# Power Map not showing in ribbon



## Cool_McCool (Jan 15, 2015)

Hi, 
sorry this isn't a real question about using this feature. I am having problems with finding it. I am using Office 2013 Professional Plus on Windows 7 (32) and Windows 8 (64).

I use PowerPivot reguarly. Power View is also availabel. I have the add-in for Power Map active but it doesn't start -> no button: on neither computer. 

 I have spent the better part of this morning and cannot find  a solution on the web ( neither in English nor German).   The Microsoft help page wasn't any help - click on start and write:run (?). 

Do I have to have Power Query or something else installed?  

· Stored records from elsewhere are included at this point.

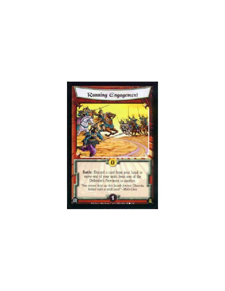 Running Engagement  - Battle: Discard a card from your hand to move one of your units from one of the Defender's Provinces to an
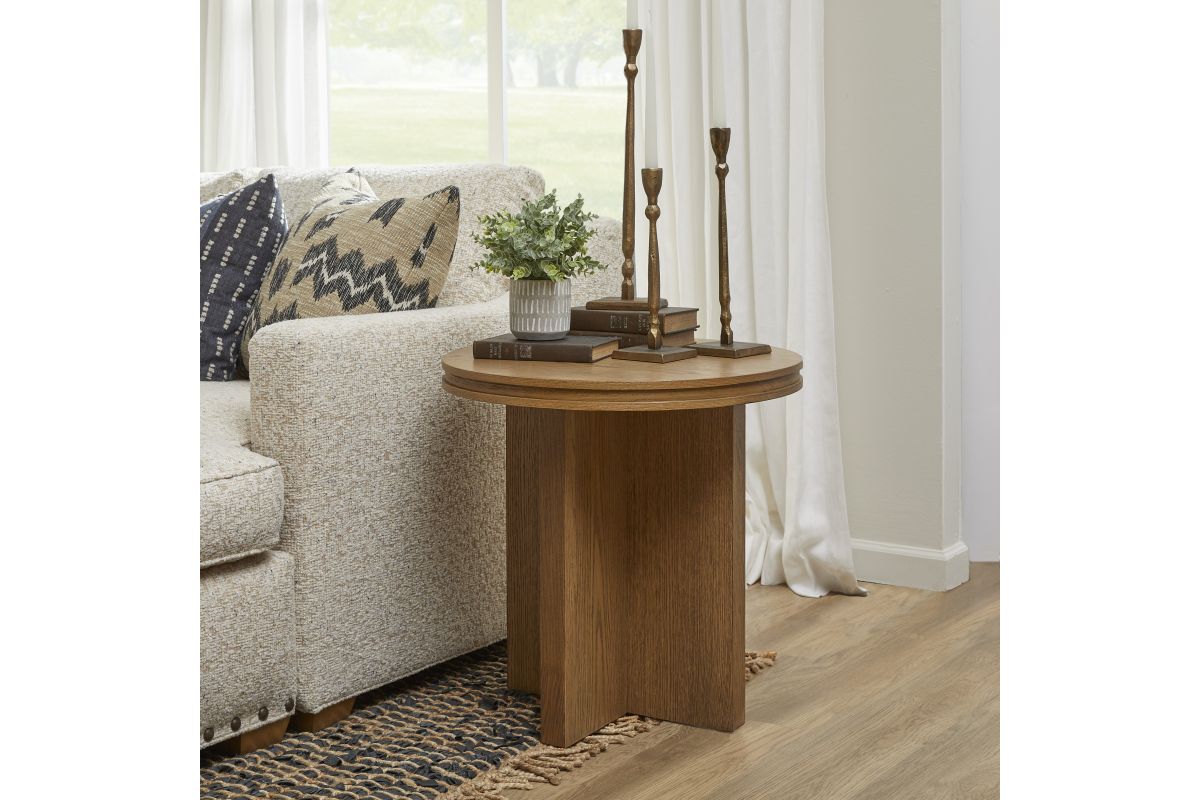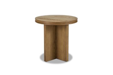 Add effortless style and architectural appeal to your living room with the Waterfall round end table. This striking table features a timeless silhouette defined by clean lines and simple geometric shapes, including a substantial sculptural crisscross base that supports the top. Group and nest this table with the coordinating Waterfall round coffee table for added visual interest and function. The Waterfall round end table is well-crafted from solid rubberwood and oak veneers and features a warm, light oak finish for lasting beauty.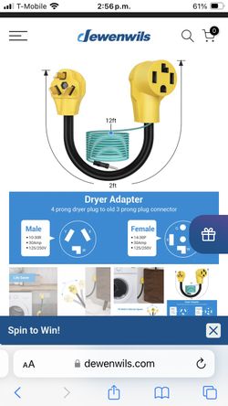 Dryer Adapter 1.5 FT 3 Prong To 4$20Phillips Ranch, CA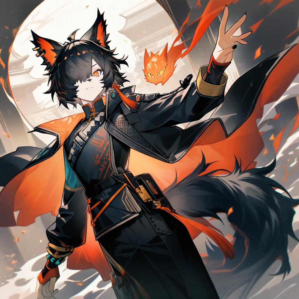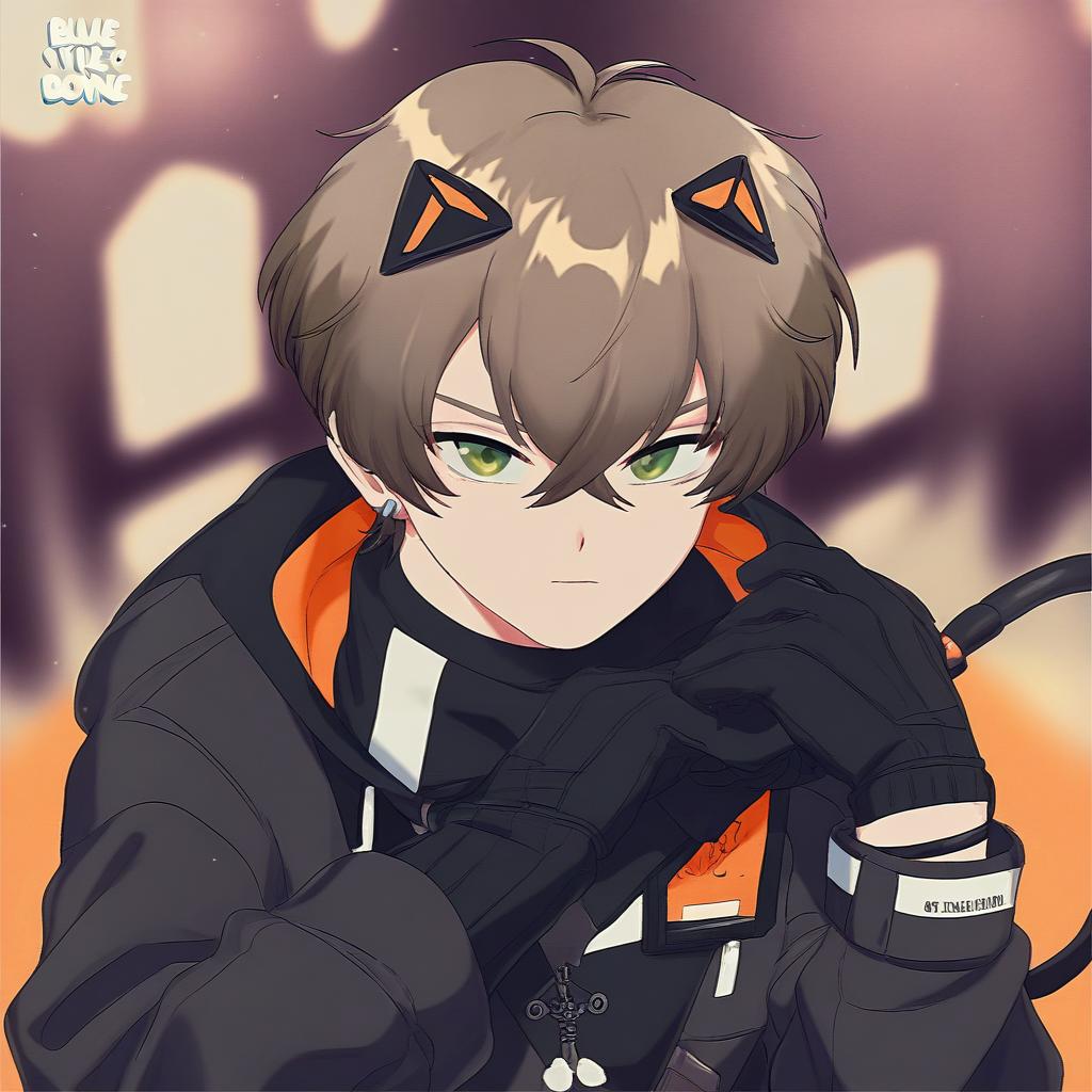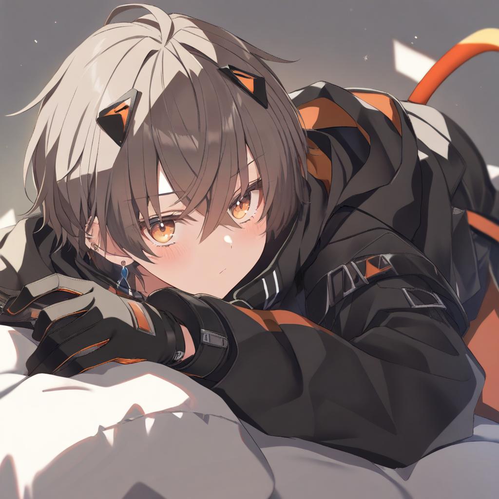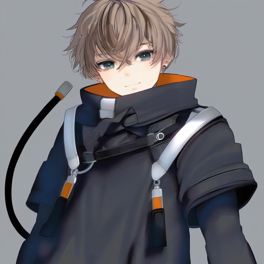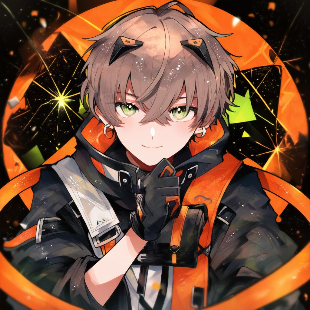 Alban knox, nijisanji, 1boy, heterochromia, cable tail, hair between eyes, grey eyes, green eyes, brown hair, short hair, crossed bangs, black gloves, long sleeves, virtual youtuber, virtual youtuber, earrings, by artist ayakashi (monkeypanch), animagine
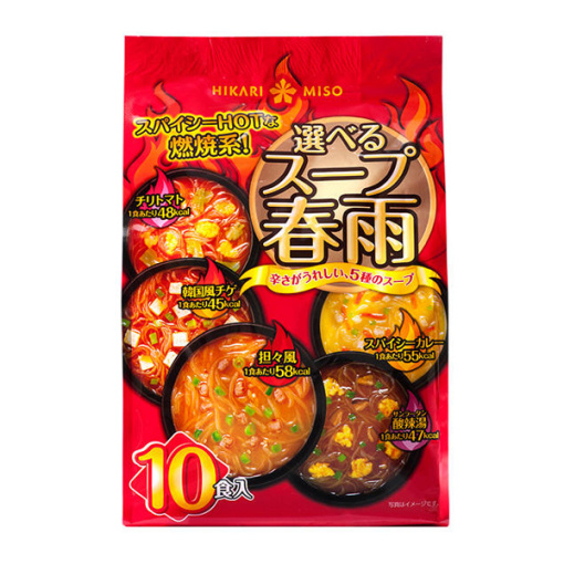 히카리 된장 선택할 수프 봄비 의 상품 설명 맵고 매운 다섯 가지 인스턴트 봄비 스프! ! “5 종의 수프 × 각 2 식 씩”[매운 카레] 매운 향과 조미료 치즈가 비장의 농후 한 맛의 스프 【산 라탕] 바지락과 치킨의 맛에 고추의 매운맛을 듣지 한 상쾌한 산미가있는 스프 [탕탕 바람] 고추의 매운 맛에 고소한 참깨의 맛과 돼지 고기의 맛이 퍼지는 맛 매운 수프 [찌리토마토] 토마토의 신맛과 치킨의 맛으로 완성한 고추가 관건 매콤한 스프 【한국풍 찌개] 김치의 맛에 해물과 돼지 고기의 맛이 녹아 든 괴로움 우수 스프. 1 봉지 (10 食入) 매운맛이 기쁘다! 5 종류의 당면 스프 히카리 된장 “선택할 스프 당면 매운 HOT ‘는 5 가지 매운 & 뜨거운 국물을 아소토 한 봄비 스프입니다. 매운 것을 좋아하는 분, 짜릿한 자극을 원하는 분, 몸을 안쪽에서 따뜻하게 싶은 분에게 추천합니다. 5 종류의 스프 : 매운 카레, 산 라탕 (산 라탄), 탕탕 바람, 한국풍 찌개, 찌리토마토 (각종 2 식 씩 들어) ※ 괴로움의 사고 방식에는 개인차가 있습니다. 매운 약한 사람이나 어린이는 충분히주의하십시오. 고추의 매운맛이 몸을 따뜻하게합니다. 히카리 된장 “선택할 스프 당면 매운 HOT ‘는 다양한 향신료가 들어 있습니다. ‘고추’가 5 종류의 스프 모두 들어 있으며, 진저 (생강), 마늘 (마늘), 후추 (가루),三商(산초), 로렐 등을 각각의 스프의 특징에 맞게 조미 고추의 매운맛 만이 아니다 맛을 만들어 내고 있습니다. 매운 & 뜨거운 수프의 특징 히카리 된장 “선택할 스프 당면 매운 HOT ‘의 맛의 특징 : [매운 카레] 매운 향과 조미료 치즈가 비장의 농후 한 맛의 카레 스프 【산 라탕] 바지락과 치킨의 맛에 고추 매운맛을 듣지했다 상쾌한 신맛의 산 라탕 스프 [탕탕 바람] 고추의 매운 맛에 고소한 참깨의 맛과 돼지 고기의 맛이 퍼지는 맛 매운 탕탕 수프 [한국풍 찌개] 김치의 맛에 해물과 돼지 고기의 맛 이 녹아 든 괴로움 돋보이는 한국풍 찌개 국물 [찌리토마토] 토마토의 신맛과 치킨의 맛으로 완성한 고추가 관건 매콤한 토마토 수프 1 체의 칼로리는 58kcal 이하 히카리 된장 “”선택할 스프 당면 매운 HOT “1 체의 칼로리는 45kcal~58kcal입니다. 도시락과 함께 먹거나 아랫배 (아랫배)가 빈 때 먹는데 딱 좋은 양이 있기 때문에 다이어트중인 사람 도 추천합니다. [매운 카레 수프 당면] 1 체 55kcal 【산 라탕 수프 당면] 1 체 47kcal [탕탕 바람 수프 당면] 1 체 58kcal 【한국풍 찌개 국물 당면] 1 체 45kcal [칠레 토마토 수프 당면] 1 체 48kcal

I feel really stupid asking but I need to get a dashboard done and having a map would be perfect.

Thanks Chris


----------



## moonshine211 (Jan 23, 2015)

Cool_McCool said:


> Hi,
> sorry this isn't a real question about using this feature. I am having problems with finding it. I am using Office 2013 Professional Plus on Windows 7 (32) and Windows 8 (64).
> 
> Thanks Chris



Hi - do you have the Office 365 (O365) license of Office 2013 Professional Plus? (https://cwebbbi.wordpress.com/2014/02/25/power-map-is-released/)


----------



## moonshine211 (Jan 23, 2015)

Note: I was able to resolve this issue by uninstalling the MSI (Download and install one big file) and installing the Click-To-Run version (1.5 MB download, streams Office in the Background)


----------



## topiask (Feb 1, 2015)

Cool_McCool said:


> Hi,
> sorry this isn't a real question about using this feature. I am having problems with finding it. I am using Office 2013 Professional Plus on Windows 7 (32) and Windows 8 (64).
> 
> I use PowerPivot reguarly. Power View is also availabel. I have the add-in for Power Map active but it doesn't start -> no button: on neither computer.
> ...



Hi all,

I have the same problem and it's driving me crazy. I have Office2013 Professional plus 32 bit installed on windows 7. The power map add-in is available,and selected, but it just will not appear on the insert tab. There is also no sign of it on the customize ribbon options.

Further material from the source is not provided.